Навстречу полицейским из темноты выступил Стахур.
— Я стоял за кустом. Когда вы вошли в дом, они убежали через окно. Туда, через забор махнули.
Капитан полиции тихо скомандовал:
— За мной!
Полицейские бросились преследовать беглецов. Стахур не ушел, ему необходимо было увидеть собственными глазами, что все схвачены. В противном случае, Вайцель снова сорвет всю злость на нем. Разве Вайцель захочет понять, что, не опоздай капитан на каких-нибудь пять минут, все попали бы в капкан. Ничего, Шецкий подтвердит промах полиции. Услышав подозрительный шорох, Стахур метнулся в кусты.
Но предатель ошибался, полагая, что в садике перед домом, кроме полиции, никого не было. С той минуты, как Стахур назвал себя капитану, за ним неотступно следил Тарас, притаившийся в кустах сирени. Сначала студент не поверил своим глазам и ушам.
«Стахур, всеми уважаемый старый рабочий, много раз томившийся в тюремной камере, — предатель? Не может быть! Да что это я! Имя предателя известно. Шецкий поплатится за свою измену. Но почему вернулся Стахур?

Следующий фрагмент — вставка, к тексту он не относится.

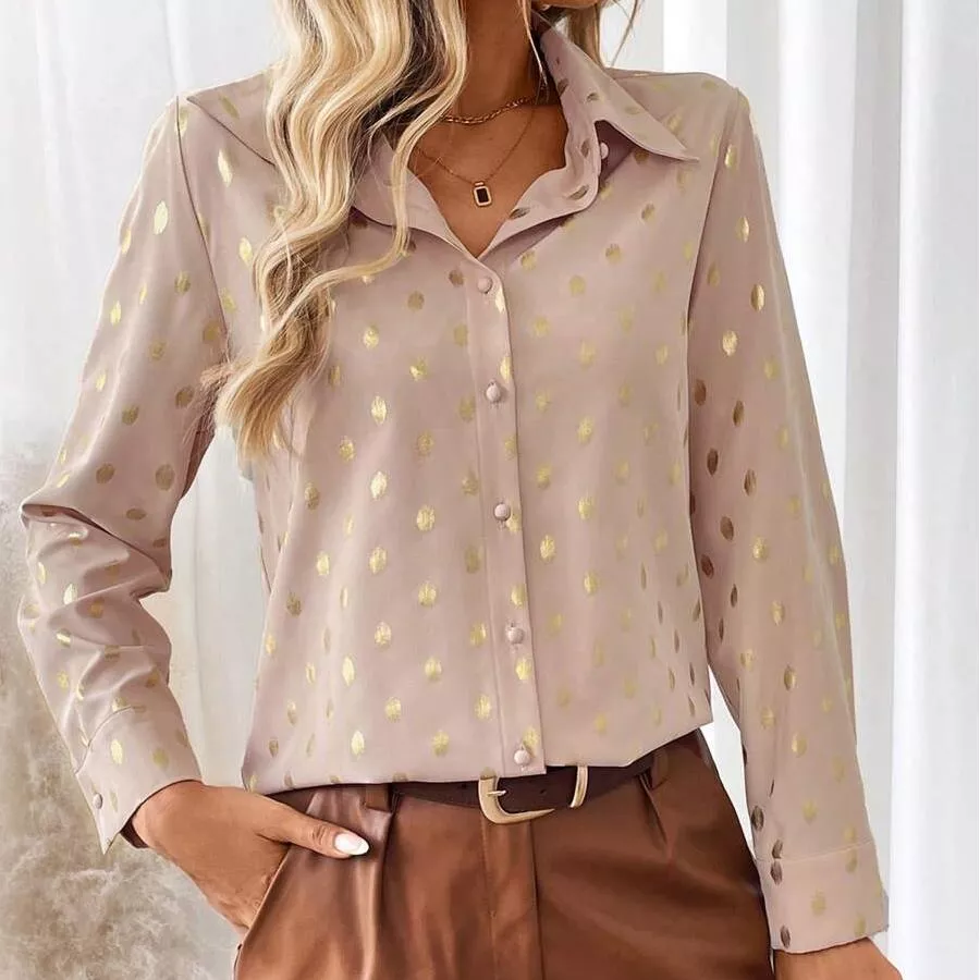 Elevate your everyday wardrobe with our Elegant Polka Dot Long Sleeve Blouse, the perfect blend of vintage charm and modern sophistication. Designed for the woman who values style, comfort, and versatility, this button-up blouse brings effortless elegance to your daily look. With a timeless polka dot print, soft polyester fabric, and a relaxed yet polished fit, this blouse is your go-to choice for both office wear and casual outings.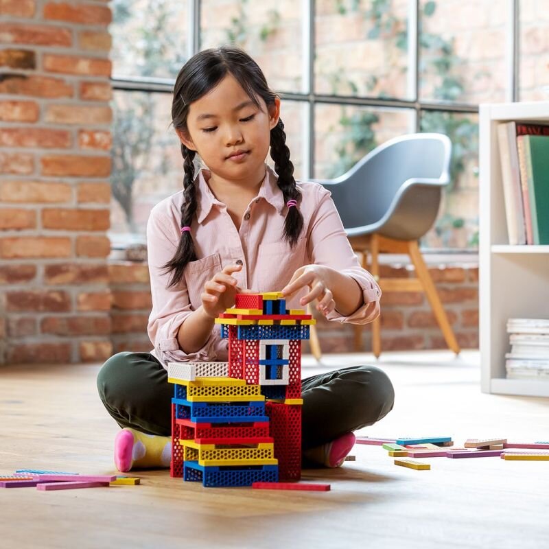 Unikalna struktura plastra miodu sprawia, że klocki są lżejsze i przepuszczają światło. Daje nieograniczone możliwości tworzenia przestrzennych konstrukcji, a także zabaw z kolorami i światłem, sprawia wielką radość podczas używania ich do puszczania baniek.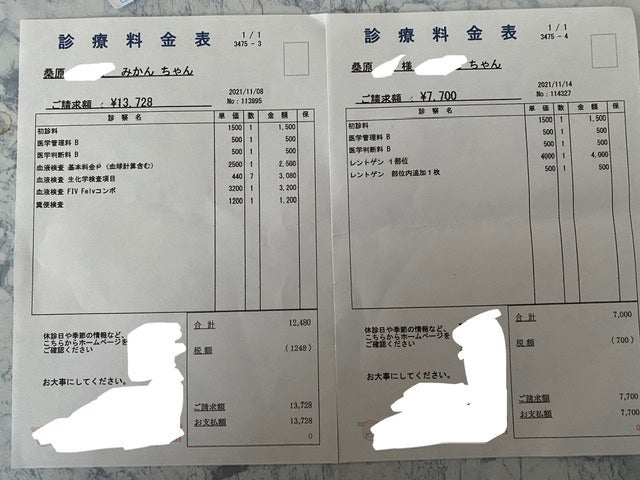 保護した子達にかかった医療費の一部になります⬇️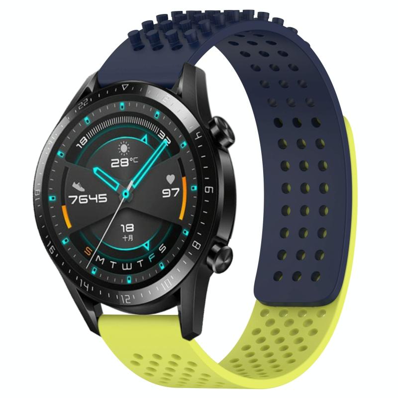 For Huawei GT2 46mm 22mm Holes Breathable 3D Dots Silicone Watch Band(Midnight Blue+Lime Green)

Эх, дурень, я дурень… Конечно, Стахур тревожился за тех, кто остался в домике… Ага! Вот уходит Гай, Ярослав, Мартынчук и Франко… Нет, Франко открыл дверь и впустил полицию в дом…»
Тарас хотел окликнуть Стахура, как неожиданно из-за дома вышли капитан с полицейскими и направились к калитке. В это мгновение слова Стахура: «Туда, через забор махнули!» — как ножом ударили Тараса и рассеяли все сомнения.
И откуда только у юноши взялось столько выдержки, чтобы не броситься на предателя и не задушить его своими руками! «Так вот кто ты такой, паи Стахур! — кипело гневом сердце Тараса. — Иуда! Погоди же!»
Тарас не услышал вкрадчивых шагов. Удар, нанесенный сзади, внезапно свалил его с ног..
Одиссей и Гнат Мартынчук догнали Ярослава Калиновского в нескольких шагах от его виллы.
— Не зажигайте света, — предостерег Одиссей.
— В комнате служанки почему-то темно. Видимо, мама одна в доме…
— Мы не напугаем ее своим вторжением? — забеспокоился Одиссей.
— Постойте здесь, — впустив в холл своих спутников, сказал Ярослав, — я предупрежу маму…
Лампа с широким зеленым абажуром на бронзовой подставке мягко освещала комнату, где лежала Анна.
— Ты не спишь, мамочка? Пани Мили нет?
— Она поехала за доктором. Мне плохо, сынок…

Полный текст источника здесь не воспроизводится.